Acquisition parameters for free-breathing ungated spiral bSSFP cardiac scans

Acquisition Parameters 1.5T 0.55T
Readout Duration (ms) 3.4 3.8
Max Gradient Amplitude (mT/m) 26 13
Max Gradient Slew Rate (mT/m/ms) 130 34
Matrix Size 192 128
FOV (mm2) 295 x 295 280 x 280
In-Plane Resolution (mm2) 1.5 x 1.5 2.2 x 2.2
Slice Thickness (mm) 8 8
Number of Slices 10-12 10-12
Slice Gap 20-25% 20-25%
TR 5.1 6.3
TE 1.4 1.8
Flip Angle (°) 55-75° 105°
Number of Receiver Coils 28-34 12-15
Acquisition Time Per Slice (s) 4.8 4.8
Total Number of Interleaves (TRs) 940 768

A Cartesian cine scan was acquired at 1.5T to provide reference measurements of LV volumes and function. This scan was ECG-gated with 25 cardiac phases, and one slice was imaged in a breathhold of 6.2 seconds. Other imaging parameters included TR 4.0 ms, TE 2.0 ms, GRAPPA R=2, 340x336 mm2 FOV, and 1.5x1.5x8.0 mm3 resolution.

Image Reconstruction

The real-time data were reconstructed at a temporal resolution of 38 ms at 0.55T (R=8, 6 interleaves/frame, 128 total frames) and 41 ms at 1.5T (R=6, 8 interleaves/frame, 117 total frames). All data were reconstructed using l1-ESPIRiT, L+S matrix completion, and LR-DIP with a subspace rank of 40 and dropout levels of 10% for 0.55T datasets and 5% for 1.5T datasets. In three subjects, the LR-DIP reconstruction was repeated using dropout levels ranging from 0% to 30% to investigate the impact of dropout on image quality at both field strengths. Since the temporal resolution can be adjusted retrospectively due to the golden angle ordering, one 0.55T dataset was reconstructed and compared using l1-ESPIRiT, L+S, and LR-DIP with acceleration factors of R=4 (76 ms/frame, 64 frames), R=6 (50 ms/frame, 96 frames), R=8 (38 ms/frame, 128 frames), R=12 (25 ms/frame, 192 frames), and R=24 (13 ms/frame, 384 frames).

Image and Statistical Analysis

The contrast-to-noise ratio (CNR) between myocardium and blood was measured using the following equation, where μmyo and μblood were the mean pixel intensities in regions of interest (ROIs) containing predominantly myocardium or blood, and σnoise was the standard deviation within an ROI placed in the background

CNR=μmyo-μbloodσnoise [7]

A single CNR value per subject was obtained by averaging the CNR from two images at peak diastole and peak systole. The mean and standard deviation of the CNR were computed over all subjects, and differences among methods were compared using a within-subjects ANOVA test.

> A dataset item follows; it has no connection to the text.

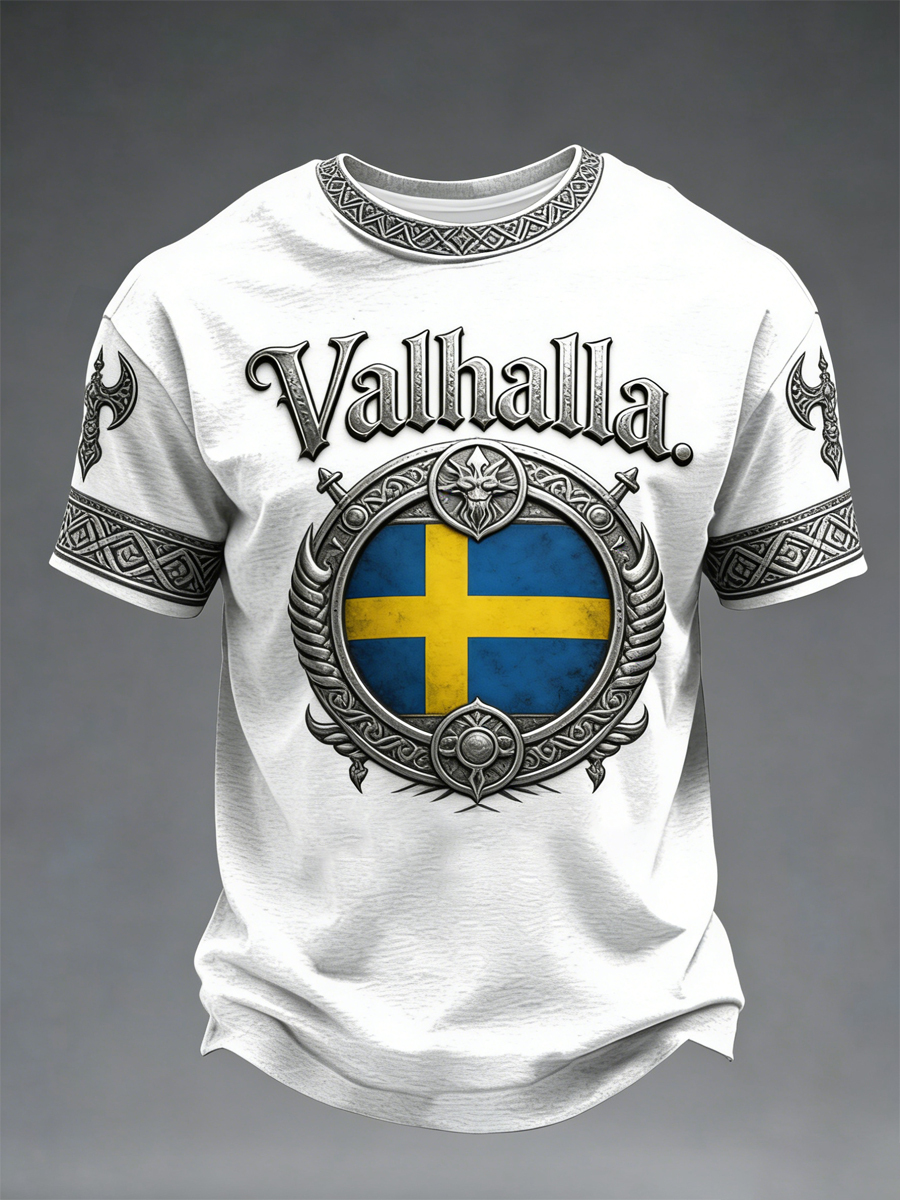 Men's Swedish Viking-style Valhalla Printed T-shirt

One cardiothoracic radiologist manually segmented the endocardial borders on the reference 1.5T Cartesian cine, real-time 1.5T LR-DIP, and real-time 0.55T LR-DIP datasets using ITK-SNAP [47]. End-diastolic (EDV), end-systolic volume (ESV), and left ventricular ejection fraction (LVEF) were calculated using Simpson’s method. Because the real-time images spanned multiple heartbeats, one frame at peak diastole and one at peak systole were selected before segmenting the images. ESV, EDV, and LVEF from real-time scans were compared to reference measurements using a Bland-Altman analysis.

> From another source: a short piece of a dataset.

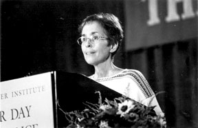 And that was Marianna: She never burdened anybody or talked about the pains that she had had. But, one thing about it: God never makes a mistake. Whatever He does, it is for the good. She had done what she was delegated to do, when she was born.... But the thing about it is, some of us look at death, as being something that is harsh, that is dark, and gloomy. But, it isn't. Marianna's life proves, that it is something that you can give the worldgive the worldas we say, Give the world the best you have, and the best will come back to you. Marianna knows what we're doing. She knows about this meeting. She knows the hearts of those who knew her, and gave the best that they had. And she knows what's going on. Someone said, one timein fact, I've heard many a timespeaking about reincarnation, that (and I have questioned it quite a bit, and I still do), about your coming back. And, when you come back, the Lord sends you back, to purify you, that you may not do the things that you used to do. And, I said, Well, what happens when you have done all of the things? You have come back so many times, and now you're purified. They said, Well, God takes you to Heaven. He just lets you stay on Earth, long enough for people to know. And, you give sunshine. You help the poor. You do whatever you can to lift the burdens of others. Then, He takes you on home. That's Marianna. It's not a case of being burdened. It's a case of happiness, because it's just like, you're in a house. Oh yes, you like your house; you like the things that are in it. Well, this body is a house. And, if a house is on fire, the first thing you think about, is getting out! Because the material things will pass away, but I'm out of the house. And, that's the way it is with death. You have gotten out of this body, which is your house. And the soul, the spirit, that God has given us, returns to God Who gave it. And, there, where there's no more weeping, no more sorrow, no more pains, and no more death, because, you're in the arms of God. So, I can just imagine, seeing the angels stooping down, and taking that soul and carrying it on to Heaven. We have to look at that as being something that is wonderful. And we say now, so often, that we're going to have a celebration when somebody dies. And truly, when we look at their going into another world, and they have done the best they could on this Earth, and they have given of themselvesyes, they are going home, and it is a celebration. I wrote a poem, if I can read it. And maybe, it has been read by others: Within a land, I've lived and I've dined,And all its riches freely mine. Here, shines one day, yet come what may, For all my follies passed away. My Savior came and walked with me, Such sweet communion here have we. He gently led me by his hand: 'Child, this is Heaven's border land.' The music that was sung for me, Great songs of Heaven's melody, As angels on their white-robed throne Joined in the sweet redemptive song. O heavenly land, sweet heavenly land As on the highest mount I stand, I look away across the sea, Where mansions are prepared for me And all mankind who loveth Thee. Not only for me, but for you, and for you, for each one us, who realize that we are going to have to leave this world, regardless of how well we like it, or how sad we may be. We cannot see death. But it's there. And, we realize that we can'tas far as I can see, we don't come back.... Thank you. A Celebration of the Life of Marianna WertzWill Wertz: My wife, Marianna Wertz, died on Jan. 15, 2003, Martin Luther King's birthday. Marianna was what Friedrich Schiller described as a beautiful soul, and in her triumph over death and disease, in her embrace of immortality, she achieved what Schiller described as a sublime state of mind. In celebrating her life tonight, what she would wish that I do, is give especially the youth here, who are the future leadership of this nation and the world, knowledge of the fight she waged and the race she won. Marianna was born in Pasadena, California on Aug. 14, 1948. Her parents were Jacob Chaitkin and Janet Rosenbaum. She was the elder of fraternal twins and was named after her father's mother. Her father, Jacob Chaitkin, was a fighter for justice. He left Latvia in 1912 to come to the U.S., where in the 1930s he faced off against John Foster Dulles in a successful suit against the Wall Street partners of the Nazi regime on behalf of American bondholders. As a result, he was hired by the American Jewish Congress to lead a boycott against the Nazi regime of Adolf Hitler.... He served in Army Air Corps Intelligence during World War II and after the war, moved to California, where he taught scientific Russian and law at California Technical Institute. Unfortunately, he died at age 57 when Marianna was seven years old and Tony 12, but his character clearly had a major formative impact on both Marianna and Tony, and later clearly led them both to embrace Lyndon LaRouche. Marianna attended Alexander Hamilton Elementary School and then Woodrow Wilson High School. Her parents were both FDR Democrats. When she was in high school, Marianna became the president of the Girls' League, succeeding the previous president, Anne Roosevelt, the daughter of Eleanor and Franklin's son James. After attending the University of California at Santa Barbara for one year, Marianna graduated from UCLA in political science. She was accepted at Columbia University Law School, but instead went to Harvard, where she received a masters in education.... In 1971, she visited her brother and sister-in-law, Tony and Janice, during the summer at Cape Cod. Lyndon LaRouche had been there as well, but had left before she arrived. As occurred a number of times in her life, music was a decisive factor in her decision to join the LaRouche political movement. She played the violin and loved Felix Mendelssohn's Violin Concerto, but had never heard Beethoven's. When she did, it helped her make the decison to join Lyndon LaRouc

Two cardiothoracic radiologists participated in an image quality rating study. All images were included in this comparison, including reference 1.5T Cartesian images and both 1.5T and 0.55T real-time spiral images reconstructed using l1-ESPIRiT, L+S, and LR-DIP. Readers were blinded to the field strength and imaging method. Images were presented in a random order as a short-axis stack. For the real-time scans, images from one complete heartbeat were presented, taken near the end of the scan to avoid transient-state artifacts. Ratings were given on a 5-point Likert scale (1=non-diagnostic, 2=poor, 3=average, 4=good, 5-excellent) for the following categories: sharpness of the endocardial border, blood-myocardium contrast, temporal dynamics of the LV myocardium, temporal dynamics of the papillary muscles, level of undersampling artifacts, and apparent SNR. The mean and standard deviation of scores over all subjects were computed for each category, and ratings were compared using a two-sided Wilcoxon rank-sum test.

Results

Simulations

Figure 3 plots the errors from the XCAT simulations, where images were reconstructed using the LR-DIP method with different subspace ranks, with representative images shown in Supporting Figure 1. Large errors were observed when the rank was too small (e.g., below k = 15), as the low-rank approximation was insufficient to capture the temporal dynamics from both breathing and cardiac motion, resulting in blurred images. As the rank increased, the errors decreased with diminishing returns up to approximately a rank of 40, after which the errors remained nearly constant. A rank of 40 was used for all subsequent LR-DIP reconstructions, which in simulations yielded RMSE 2.70, SSIM 0.993, and pSNR 35.8, outperforming both l1-ESPIRiT (RMSE 4.71, SSIM 0.981, pSNR 31.0) and L+S matrix completion (RMSE 3.88, SSIM 0.987, pSNR 32.7).

Figure 3.

Figure 3.

XCAT simulation results using the LR-DIP reconstruction with different subspace ranks for an acceleration factor of R=8 and trained with 10% dropout showing (A) RMSE, (B) SSIM, and (C) pSNR. For comparison, results are also shown for l1-ESPIRiT (dotted blue line) and L+S matrix completion (dotted red line).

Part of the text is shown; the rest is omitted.